The page handles all 4 failure modes (loading / 429 / offline / empty) with friendly messages.
Spend cap set in the Anthropic console (≤ $5/mo to start).
Session request counter visible to the user (so I notice if I'm burning tokens).
The named user has tried it and one of Claude's suggestions actually surprised them.
I can write one paragraph: "what AI made better, what AI made worse" — based on real evidence.
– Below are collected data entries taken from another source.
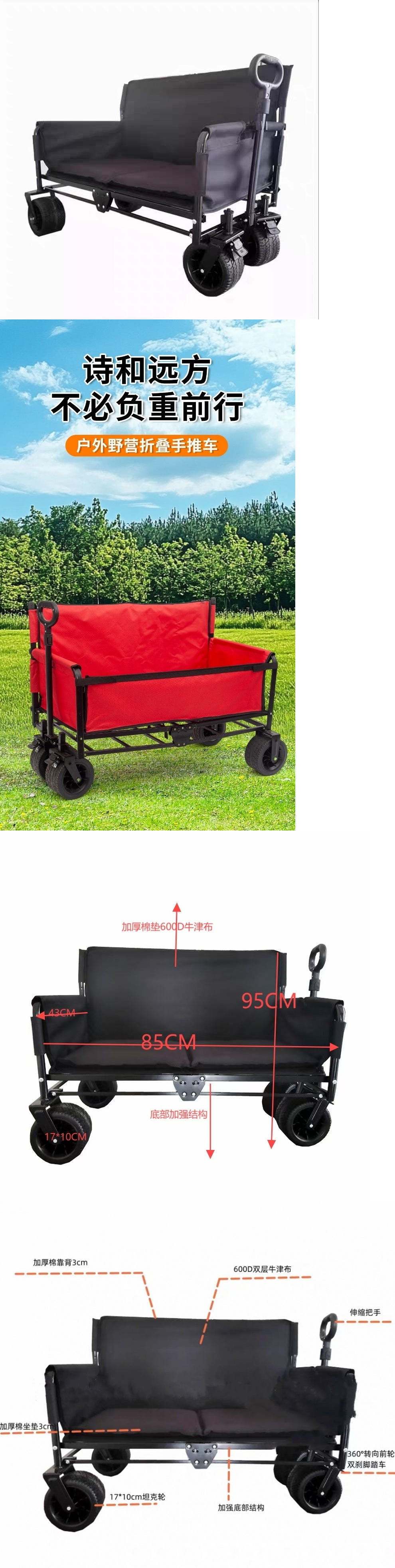 露營四輪野餐車新款可坐營地車擺地攤露營車旅行加桌面釣魚拉車
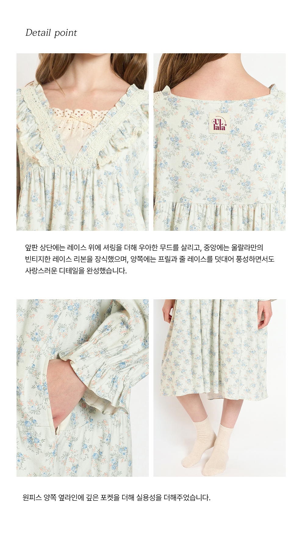 ULLALA 米杏刷絨純棉睡衣洋裝|口袋設計|韓國2025新款
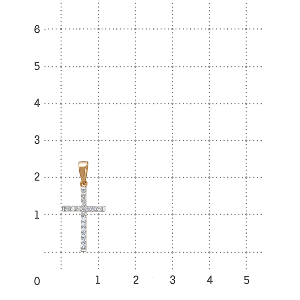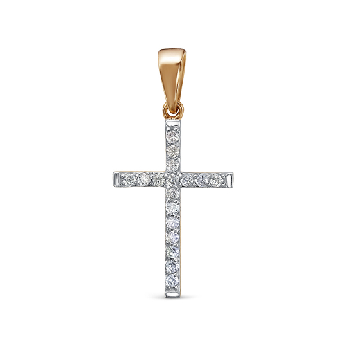 Стильная подвеска в виде декоративного креста, украшенного бриллиантами, выполнена с сочетанием красного и белого золота 585 пробы. Белое золото визуально увеличивает объём бриллиантов и подчеркивает их блеск и природную красоту.

Push further · for the harder end of 15+

Calling Claude is the floor. Here's how serious it gets.

Ship a tool-use agent in the browser. Add a tool to the Claude call: look_up_book_metadata(title) that hits the OpenLibrary API. Claude will sometimes choose to call your tool; you handle it, return the data, and Claude continues. This is the foundational pattern of every agent on Earth — and you can implement it in ~50 lines.
Add structured output validation with retries. Ask Claude to return JSON of a specific shape. Validate it client-side (use the schema-validator pattern from Skills 02). When it doesn't match, automatically re-prompt with the validation error and ask Claude to fix it. Real LLM-powered apps do this. Yours will.
Build a tiny eval harness. 10 inputs, 10 expected qualities of the response. Run them all through your Worker, score each automatically (with another Claude call as the judge — see Project 11 for the pattern). Track your "win rate" over prompt iterations. The first kid in your school who can show "my prompt went from 60% to 85% on the eval" is having a different conversation than everyone else.

Step by step

Get an API key. (Probably with a grown-up.)

Stand up a Cloudflare Worker (the safe-key trick).

Call the Worker from your page.

Make the prompt do the part only you'd ask.

Add streaming. The page should feel alive.

Handle the four real failure modes.

Cap your spend. Set a budget. Telemetry lite.